The Scourge of Toxic Positivity

We all know people who are relentlessly positive. No matter what happens, they always seem to find the bright side and remain upbeat. While there is nothing wrong with having a positive attitude, there is such a thing as being too positive. When someone has toxic positivity, their relentless cheerfulness begins to wear on others and can actually be harmful to their mental health.

In this blog post, I will discuss what toxic positivity is, different forms it can take, and why it’s bad for you. I will also provide tips on how you can identify and overcome toxic positivity in your life.

So, what exactly is toxic positivity?

Toxic positivity is when someone excessively focuses on the bright side to the point where they ignore their own negative emotions and the negative emotions of others. It’s a way of thinking that downplays any negativity and encourages people to just “suck it up” or “look on the bright side.”

Toxic positivity can take many different forms. For example, someone might tell you to “just be happy” when you confide in them about something that’s bothering you. Or they might say things like “everything happens for a reason” or “you should be grateful for what you have.”

On the surface, these phrases may seem harmless or even helpful. But when you say them to someone who is dealing with real pain, they can be hurtful and dismissive.
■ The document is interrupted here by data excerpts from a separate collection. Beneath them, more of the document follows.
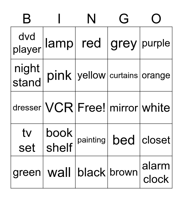 This bingo card has a free space and 24 words: book shelf, wall, yellow, green, purple, dvd player, night stand, lamp, mirror, painting, curtains, dresser, bed, closet, pink, brown, white, red, orange, VCR, alarm clock, tv set, grey and black.
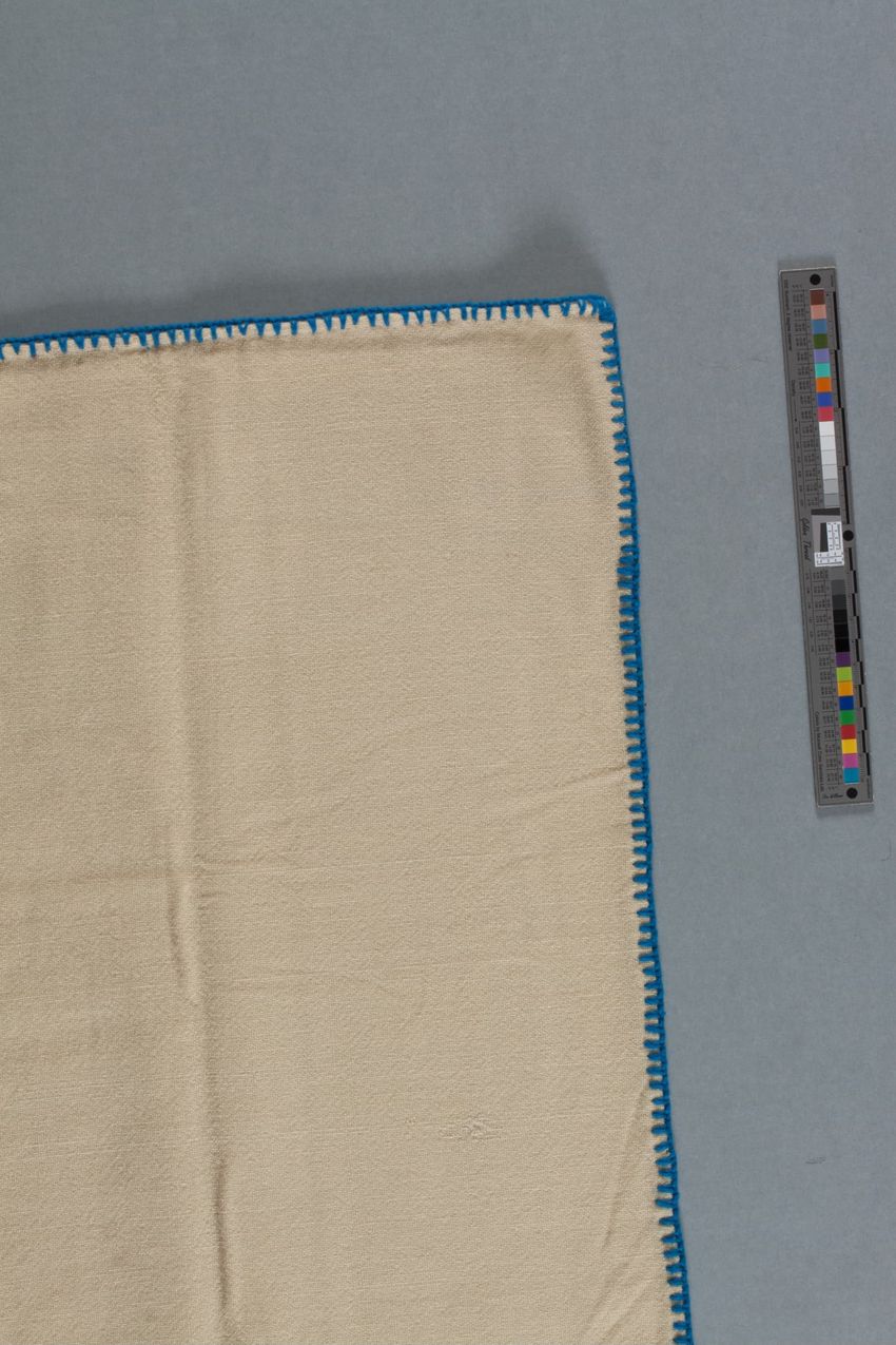 Rectangular, cream-colored plain weave wool blanket with narrow light blue stripe across end. Three light blue "points" along one edge; selvage sides, frayed end with cut edge.
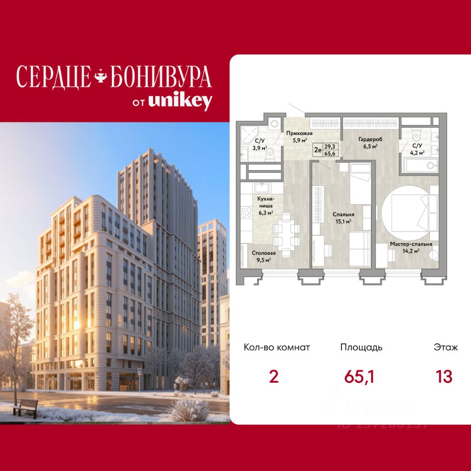 Продается 2-комн. квартира от застройщика в ЖК "Сердце Бонивура" на 13 этаже. Квартира без отделки, полностью готова к чистовой отделке и дальнейшему ремонту. Общая площадь: 65.1 кв.м., жилая: 29.4 кв.м., площадь просторной кухни-столовой: 15.2 кв.м. Комнаты изолированные, все окна выходят на одну сторону. В квартире два совмещенных санузла. Высота потолков 2.85 м.

Toxic positivity can also manifest as always looking on the bright side, no matter what the situation is. This might look like pretending everything is okay when it’s clearly not, or putting up a false front of happiness.

Why is toxic positivity bad for you?

Toxic positivity is harmful for a few reasons.

First, it invalidates someone’s emotions and experiences. When you tell someone to “just be happy,” you are essentially telling them that their feelings are wrong or unimportant. This can lead to people feeling like they have to suppress their emotions, which is not healthy.

Second, toxic positivity can prevent people from seeking help or support. If someone is always putting on a brave face, they might not reach out for help even when they are struggling. This can lead to serious mental health problems down the road.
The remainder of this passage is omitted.